Without taking Salinity
into account, Temperature
has no apparent effect. For low Salinity
environments, growth increases with increasing Temperature
. For high Salinity
, the opposite is true: Growth
decreases with increasing Temperature
.
There is an important lesson to be learned here. A variable that is important for explaining variation in the response, but not included in the model, can obfuscate the relationship between the response and the variables that you have included, particularly when interactions are present.
So-called ‘latent’ variables cause problems in science. This highlights the importance of knowing all the important causes of variation in a measured response. Two strategies may then be employed. You can hold a variable constant (e.g., examine temperature in medium salinity environments) but this restricts the inference space of your conclusions (they would only be valid for medium salinity). Alternatively, you can include a variable in the design (or measure it if it is not easily manipulated), ensuring that it is accounted for in any analyses.
Another potential consequence of an unknown latent variable is excess dispersion in some groups. This resulted in a significant departure from group homogeneity in the Levene’s test for both Salinity
and Temperature
when the other was left out.
Another thing to note is that, when the interaction is significant, we don’t need to worry about the main effects of the two factors.

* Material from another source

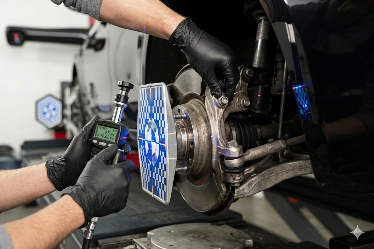 Inspect camber, caster, and toe settings

The next step in the analysis is to test which levels of the factors differ from each other, using a multiple comparisons procedure, such as Tukey’s Honest Significant Differences. Because the interaction is significant, it is the comparison within the interaction term that will be of most interest. There are six cells (3×2), so the number of comparisons within the interaction term will be six-choose-two:
Run a Tukey analysis.
Tukey multiple comparisons of means
95% family-wise confidence level
Fit: aov(formula = Growth ~ Salinity * Temperature, data = oys)
$Salinity
diff lwr upr p adj
High-Low -0.1044926 -0.3622801 0.1532949 0.4199781
$Temperature
diff lwr upr p adj
Med-Low 0.2424207 -0.13709813 0.6219396 0.2808614
High-Low 0.4664160 0.08689709 0.8459349 0.0124178
High-Med 0.2239952 -0.15552366 0.6035141 0.3366941
$`Salinity:Temperature`
diff lwr upr p adj
High:Low-Low:Low 2.2550543 1.59707046 2.91303820 0.0000000
Low:Med-Low:Low 1.2409233 0.58293938 1.89890712 0.0000118
High:Med-Low:Low 1.4989726 0.84098870 2.15695644 0.0000002
Low:High-Low:Low 3.0072339 2.34925004 3.66521778 0.0000000
High:High-Low:Low 0.1806524 -0.47733150 0.83863624 0.9642520
Low:Med-High:Low -1.0141311 -1.67211494 -0.35614720 0.0004194
High:Med-High:Low -0.7560818 -1.41406562 -0.09809788 0.0155079
Low:High-High:Low 0.7521796 0.09419571 1.41016345 0.0162888
High:High-High:Low -2.0744020 -2.73238583 -1.41641809 0.0000000
High:Med-Low:Med 0.2580493 -0.39993455 0.91603319 0.8541174
Low:High-Low:Med 1.7663107 1.10832678 2.42429452 0.0000000
High:High-Low:Med -1.0602709 -1.71825476 -0.40228702 0.0002074
Low:High-High:Med 1.5082613 0.85027746 2.16624520 0.0000001
High:High-High:Med -1.3183202 -1.97630408 -0.66033634 0.0000033
High:High-Low:High -2.8265815 -3.48456541 -2.16859767 0.0000000
First, in the single-factor comparisons (ignoring the other factor), only one comparison is significant—between high and low temperatures. The difference is only 0.46, however, and we know that this comparison does not represent the real effects of temperature on growth. It is marginalised over salinity, whereas we now know that the most important effects of temperature are, in fact, conditional on salinity.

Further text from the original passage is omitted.